In this 9 April 2019 photo, over 10 tonnes of pangolin scales worth around US$38.1 million are displayed at an undisclosed site in Singapore.

Singapore has discovered more than 12 tonnes of pangolin scales in what conservation specialists called the largest such seizure of a single shipment worldwide, highlighting the stubbornness of the illegal trade of the scaly anteater.

Roughly 36,000 pangolins were believed to have been killed for the shipment, according to Paul Thomson, an official with the Pangolin Specialist Group, an organisation belonging to the International Union for Conservation of Nature.
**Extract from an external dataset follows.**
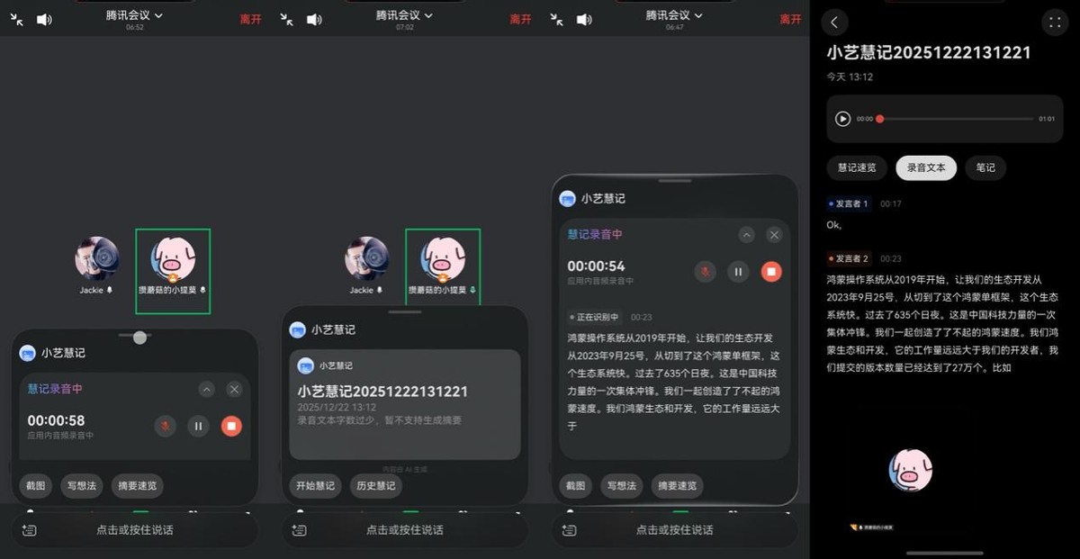 播客中,@图灵的猫还和老蒋提到了小艺慧记功能,前者用来整理会议纪要,后者则提到TA可以跨APP来实时转文字和会议总结。之前参加行业沙龙或进行专家沟通时,我需要集中精力思考与追问,很难同步做完整记录。现在遇到类似活动就能用小艺慧记功能,在通话或会议软件界面长按小艺导航条开启实时转写。会后稍作整理,核心内容就已经成型,这样大大减轻了我的回溯与整理压力。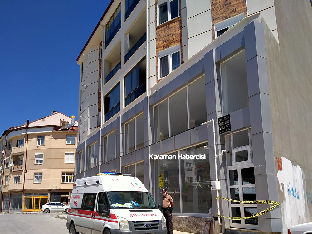 Karaman Mansurdede Mahallesi 105 nolu sokakta bulunan iki katlı binaya gelen sağlık ekipleri koruyucu elbiseler ile binaya giriş yaptı.

The group called it the biggest seizure of pangolin scales on record.

“The news of this record-shattering seizure is deeply alarming and underscores the fact that pangolins are facing a crisis,” Thomson said of the seizure Wednesday. “If we don’t stop the illegal wildlife trade, pangolins face the risk of going extinct.”

Pangolins are believed to be the most frequently illegally trafficked mammal in the world, with an estimated 300 of them poached every day on average. The International Union for Conservation of Nature has declared all eight species as “threatened with extinction” since 2014, while two species are critically endangered.

Specialists say that the pangolin’s defence against predators, which is to curl itself into a ball, has made it an easy target for hunters.

Singaporean customs officials and the country’s national parks board said in a statement that the scales, which had been shipped from Nigeria, were headed to Vietnam, home to the second-most lucrative black market for pangolin scales, after China.

In Vietnam, many see pangolin meat as a luxury that conveys social status and health benefits, according to a survey conducted by WildAid in 2015.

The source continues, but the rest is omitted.